Work to complete: Using the data below, print exactly the line with "子供が主役の学び合いには、地", the line with "Các đại biểu nghe", and every line between them, but none of the pictures.

Listed records:
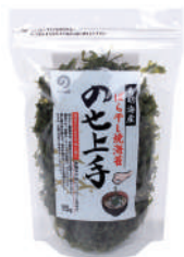
■のせ上手ばら干し焼のり15g 入数20×1 内 容 量 15g 商品寸法・重量 240×160×75 24g J A N コード 4902799760058 価 格 500円

この干し海苔は、甘辛い味付けで、おにぎりや、握り寿司、巻物などに最適です。味付けは、お好みで調整できます。また、おにぎりや、握り寿司、巻物などに最適です。味付けは、お好みで調整できます。
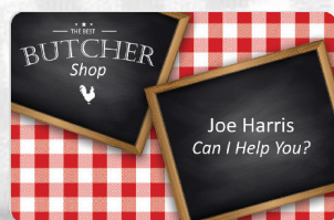
Badge per dipendenti

Aumentate la redditività del vostro investimento stampando tutti i badge e le tessere necessari per la vostra attività. Con le soluzioni Edikio Price Tag Flex e Duplex, realizzate delle stampe a colori su tessere bianche in formato carta di credito:
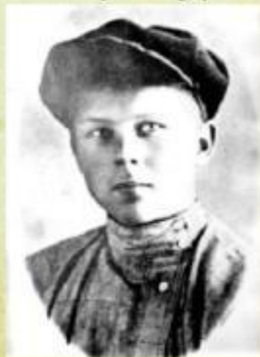
Александр Твардовский в детстве

Александр Трифонович Твардовский – одна из самых ярких и противоречивых фигур в русской литературе. Сын раскулаченного крестьянина, создатель произведения, ставшие классикой литературы социалистического реализма.
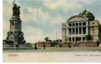
Solda: Manaus São Sebastião Meydanı ve Teatro Amazonas, 1906. Sağda: São Sebastião Meydanı ve Teatro Amazonas, 2016.
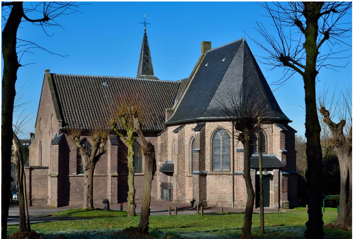
De kerk in 2016.
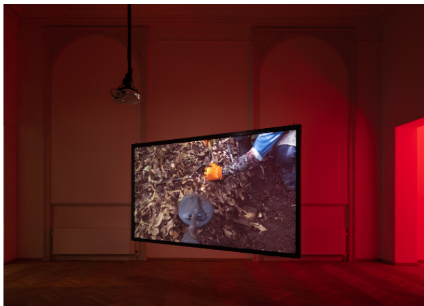
Sweeping the Forest Floor
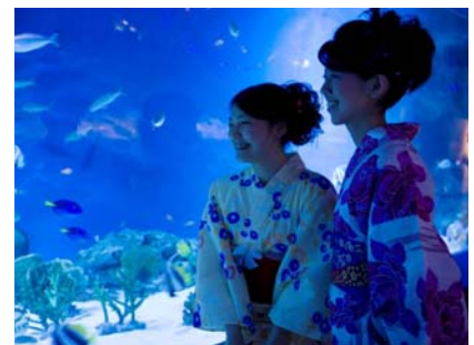
〈浴衣で水族館を楽しむ イメージ〉

この夏の品川プリンスホテルでは 浴衣がセットになった宿泊プランも登場 し、水族館以外の施設でもさまざまな浴衣特典をご用意いたします。
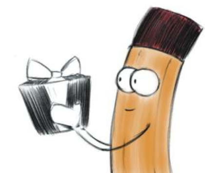
Яна Трейтяк, АГ 9-3
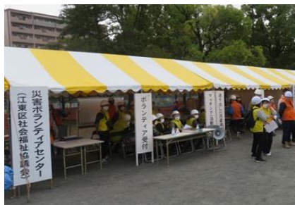
社会福祉協議会災害ボランティアセンター
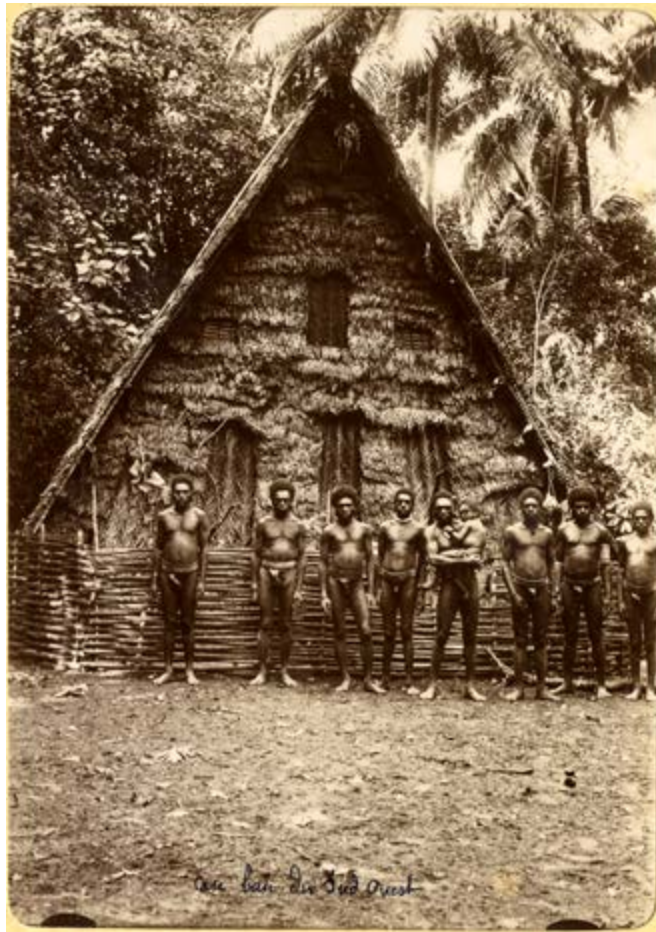
Maison des hommes de la baie du sud-ouest, Malakula, Vanuatu. ©Archives de Nouvelle-Calédonie, 198Fi069.

Des maisons traditionnelles kanak et ni-vanuatu, à la maison à deux étages d'un colon prospère en passant par les petites maisons en torchis pour les condamnés du bagne ou pour les « petits colons » ou les baraquements pour les engagés d'origine asiatique aux sommets des massifs miniers calédoniens ou sur les plantations au Vanuatu, les formes d'habitats témoignent de mondes sociaux différenciés, voire ségrégués.
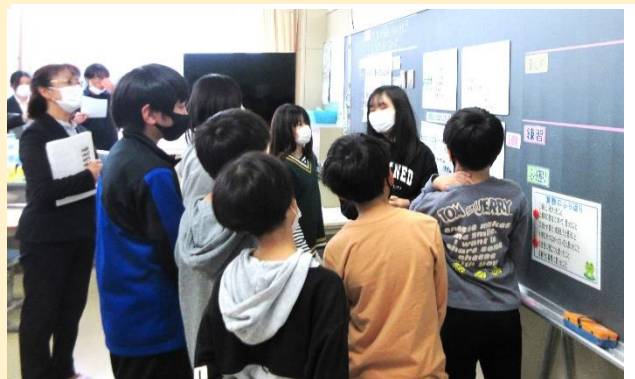
考え方をボードに表現し対話的に課題解決する5年生

子供が主役の学び合いには、地域の皆様に見守られて15歳まで育ち合う野付の子供達の強みを生かされ、一人一人の可能性を引き出して伸ばす手応えがありました。目指す「心が動く教育」は、学校を飛び出す校外学習でも教室での日々の授業や活動でもできることを再確認しました。子供達から学び、子供達と共に成長していく学校づくりを、これからも進めていきます。
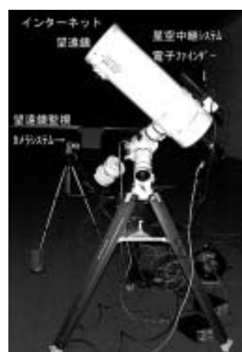
図1: 宮教大インターネット天文台外観とインターネット望遠鏡.
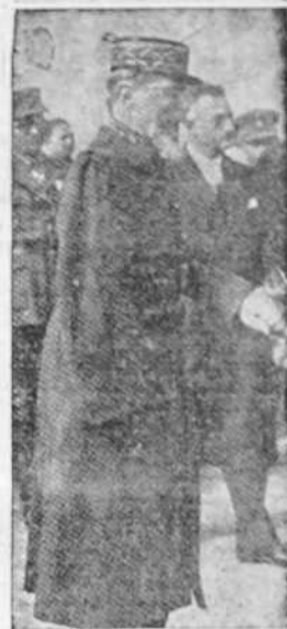
El general Gouraud, que ha pasado a la reserva. Ocupaba actualmente el cargo de comandante militar de París. Fue cinco veces herido

También acordaron dirigir un telegrama al Generalísimo Franco expresándole la admiración que siente la Bélgica sana hacia España y haciendo votos por la definitiva victoria contra el comunismo.—STEFANI.
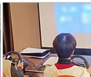
世代を超えて楽しむ eスポーツ体験会
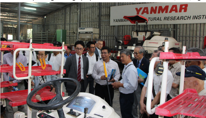
Các đại biểu nghe giới thiệu về máy nông nghiệp được nghiên cứu cải tiến tại Trường ĐHCT và áp dụng hiệu quả ở vùng ĐBSCL.

Khai trương Văn phòng Trung tâm Nghiên cứu đổi mới khoa học công nghệ tiên tiến là một hoạt động trong chuỗi sự kiện Kỷ niệm 45 năm thiết lập quan hệ ngoại giao Việt Nam-Nhật Bản (1973-2018) và Chương trình giao lưu văn hóa và thương mại Việt Nam-Nhật Bản lần thứ 4 tại thành phố Cần Thơ. Do đó, buổi lễ đã thu hút nhiều đại diện doanh nghiệp đến từ Nhật Bản tham dự. Sau buổi lễ, các đại biểu đã đi thăm Phòng thí nghiệm, Viện Nghiên cứu Nông nghiệp Yanmar tại Trường ĐHCT. Đây là mô hình gắn kết giữa trường đại học với doanh nghiệp, đặc biệt là doanh nghiệp nước ngoài, trong nghiên cứu khoa học và đào tạo nguồn nhân lực, đã được Trường triển khai có hiệu quả trong thời gian qua.
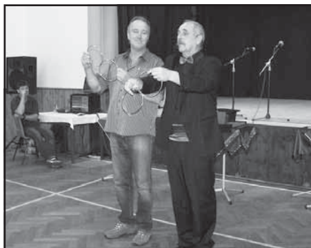
Možná...přišel i kouzelník
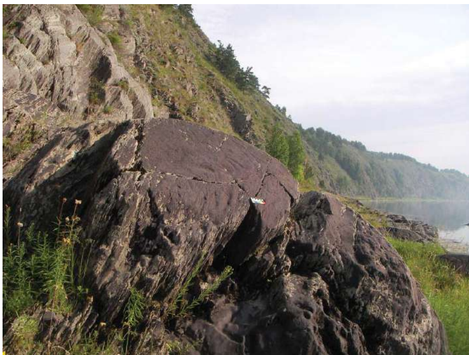
Рис. 1. Фото валуна с петроглифами НР VII.2 Fig. 1. Photo of the boulder with petroglyphs NR in VII.2
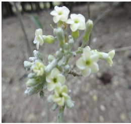
1. A. australe

[ fieldguides.fieldmuseum.org ] [768] versão 01 05/2016
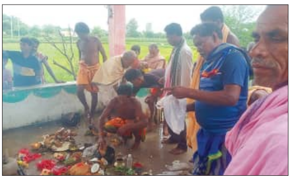
କଳାମୁଣ୍ଡା, ୨୧୨୭ (ସମ୍ପିପ): କଳାହାଣ୍ଡି ଜିଲ୍ଲା କଳାମୁଣ୍ଡା ବୁଦ୍ଧ ଚିଷ୍ଟିତା ମା' ଭୂଆସୁଣୀ ପାଠରେ କାଦୋ ଯାତ୍ରା ଉପଯାପିତ ହୋଇଯାଇଛି। ଚାଷୀ ଏହି ଯାତ୍ରା ପରେ ଚା'ର ଚାଷ ଜମିରେ ଚୁଆ, ବିହୁଡ଼ା କାର୍ଯ୍ୟ ଆରମ୍ଭ କରିଥାଏ। ଗ୍ରାମର ଇଷ୍ଟଦେବୀ ମା' ଭୂଆସୁଣୀ ହୋଇଥିବାରୁ ଶହଶହ ଭକ୍ତ
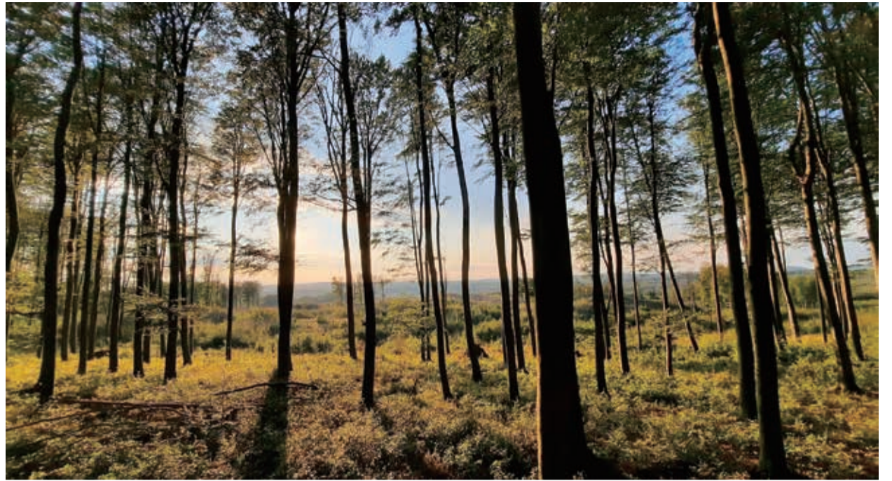
Illusztráció fotó: Gergél-Gombási Mónika

A kezdeményezés az Európai Unió emissziókereskedelmi rendszerének (ETS) kvótafelhasználásából, az Energiaügyi Minisztérium támogatásával, az Agrárminisztérium közreműködésével és az Országos Erdészeti Egyesület koordinálásában, a Magyar Máltai Szeretetszolgálat Iskola Alapítványával együttműködve valósul meg. Az Agrárminisztérium szándéka szerint a program 2026-ban is folytatódik.
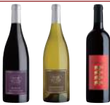
3 bouteilles* 2 Saint-Guilhem le Désert - Les Déesses Muettes dont 1 Cépage Merlot IGP 2023/24 et 1 Cépage Chardonnay IGP 2024/25 ; 1 Saint-Guilhem le Désert - Les Cochons, Cépage Marselan IGP 2022/23
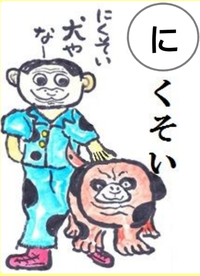
にくそい犬やなー ぶさいくな犬やなー
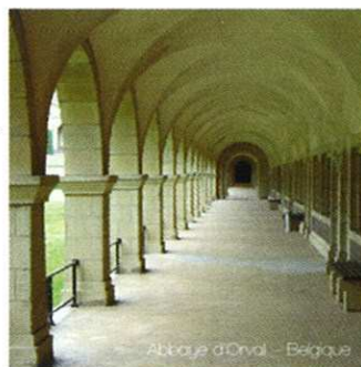
Abbaye d'Onval - Belgique
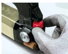
Druk instellen van 0 > 6.5 bar
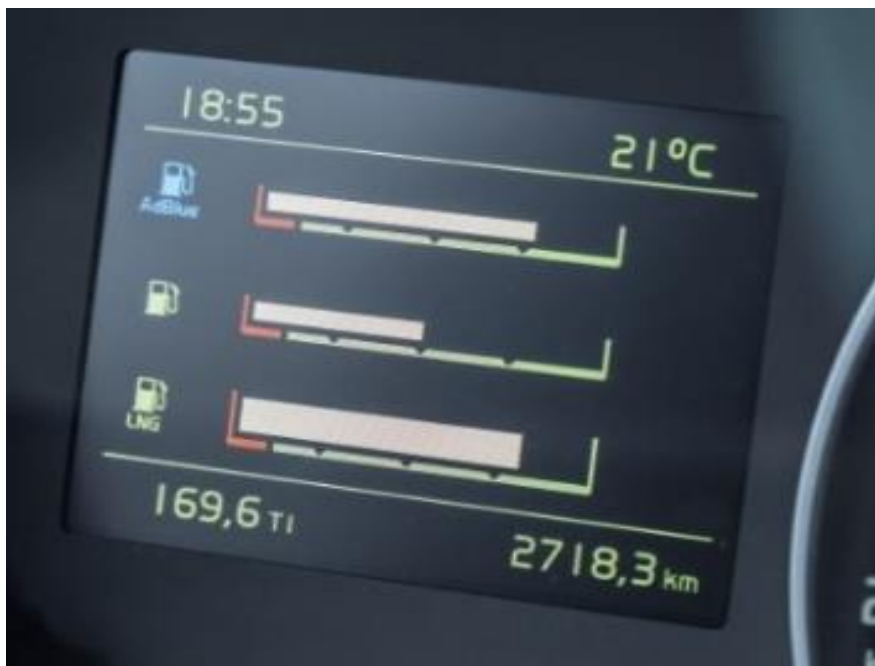
Füllstandanzeige LNG
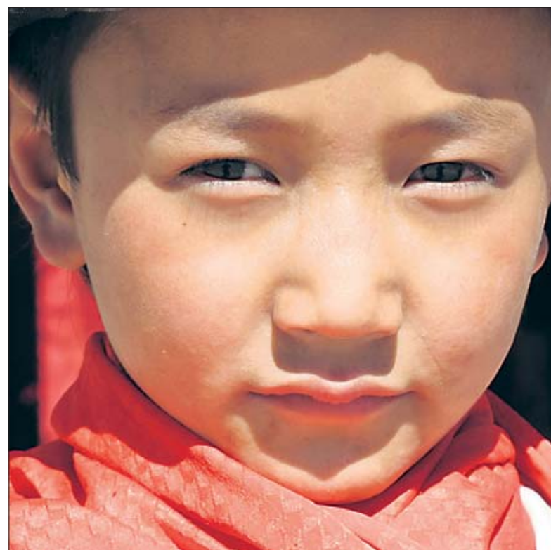
Ein chinesisches Mädchen am Straßenrand beobachtet die Frau mit dem Motorrad ganz genau.
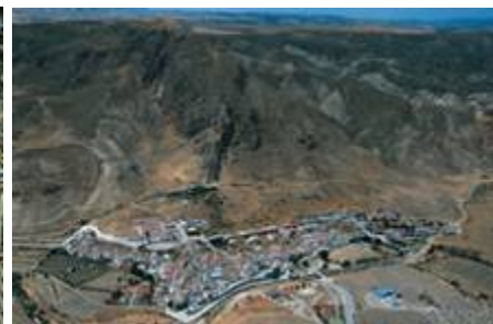
Vista aérea de Alicún de Ortega.

Las poblaciones de ambos pueblos son pequeñas, no llegando a los 800 habitantes. Al Centro asisten con regularidad 110 alumnos/as, cifra esta que se ve incrementada con algunos alumnos/as que vienen ciertas temporadas dado que sus padres son emigrantes temporales y regresan a la localidad cuando hay menos trabajo en la hostelería, sobre todo en Baleares o en los invernaderos de la Costa de Almería.
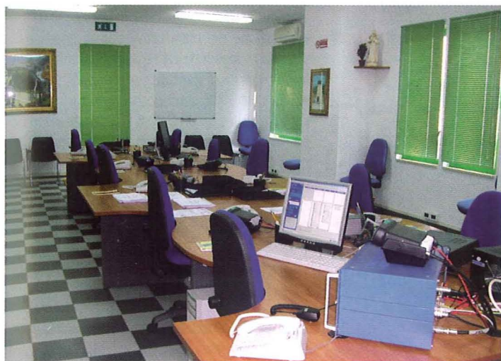
Sala operativa provinciale

condizioni di vita nelle aree colpite da eventi calamitosi;
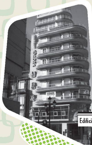
Edificio Aurora Polar, 1959, Vigo (Galizien)

Ich freute mich sehr, als Spanien mit «la, la, la» 1968 den Eurovision Song Contest gewann. Ich liebe dieses Lied und singe es heute immer noch. Das Kleid, welches die junge Sängerin Massiel trug, wurde die neue Mode. Als Schneiderin entwarf ich ein sehr ähnliches Kleid welches ich noch heute bei mir im Schrank neben meinem Hochzeitskleid aufbewahre.
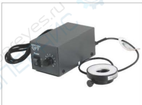
Адаптер питания лампы 12 В
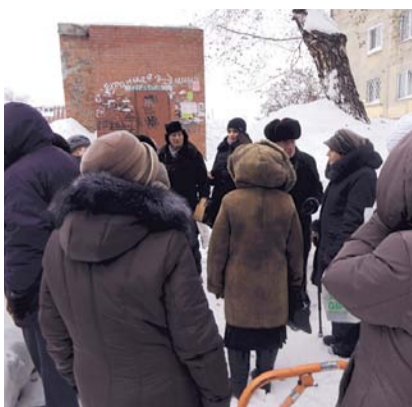
НА ФОТО: ЖИТЕЛИ ЗАЩИЩАЮТ СВОИ ПРАВА

В апреле 2016 года собственник сменился, им стало некое ООО «Финкор». Жители об этом уведомлены не были, пока в августе 2016 года новый собственник не поставил их перед фактом: надо заключить новые договоры и внести каждому по 10 тысяч рублей — якобы на капитальный ремонт овощехранилища. При этом смета на ремонт также не предъявлялась. Желавших отдавать почти всю пенсию непонятному лицу не оказалось, и тогда «Финкор» пошел на крайние меры: замки
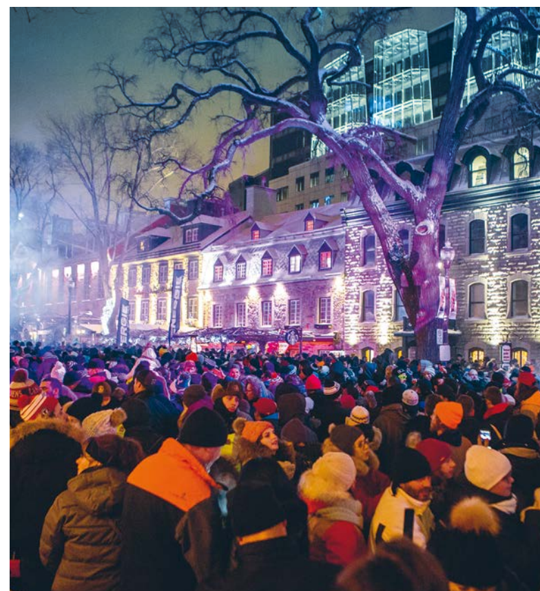
Le passage vers la nouvelle année promet d'être inoubliable grâce à l'événement Jour de l'An à Québec!

Ailleurs dans la ville, d'autres activités et attraits vous permettront de profiter pleinement de l'hiver, dont la Boule à neige géante déployée à la place D'Youville (19 décembre au 12 février) et l'illumination dans l'avenue Cartier. Pour tout savoir sur les activités offertes pendant la période des Fêtes, consultez le site Internet www.ville.quebec.qc.ca/ideesdesorties . Bon temps des Fêtes!
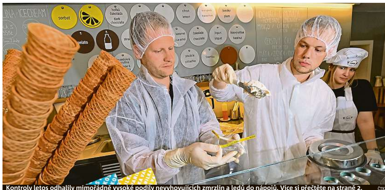
Kontroly letos odhalily mimořádně vysoké podíly nevyhovujících zmrzlin a ledů do nápojů. Více si přečtete na straně 2. ČTK

Sexting. Sdílení vlastních intimních snímků, videí či textů s erotickým obsahem. Nebezpečí. Nikdy nevíte, kdo si obrázek stáhne. Identifikace autora. Někdy vede i k vydírání. Prevence. Zodpovědnost rodičů STRANA 4

Answer to this task:
子供が主役の学び合いには、地域の皆様に見守られて15歳まで育ち合う野付の子供達の強みを生かされ、一人一人の可能性を引き出して伸ばす手応えがありました。目指す「心が動く教育」は、学校を飛び出す校外学習でも教室での日々の授業や活動でもできることを再確認しました。子供達から学び、子供達と共に成長していく学校づくりを、これからも進めていきます。
図1: 宮教大インターネット天文台外観とインターネット望遠鏡.
El general Gouraud, que ha pasado a la reserva. Ocupaba actualmente el cargo de comandante militar de París. Fue cinco veces herido

También acordaron dirigir un telegrama al Generalísimo Franco expresándole la admiración que siente la Bélgica sana hacia España y haciendo votos por la definitiva victoria contra el comunismo.—STEFANI.
世代を超えて楽しむ eスポーツ体験会
Các đại biểu nghe giới thiệu về máy nông nghiệp được nghiên cứu cải tiến tại Trường ĐHCT và áp dụng hiệu quả ở vùng ĐBSCL.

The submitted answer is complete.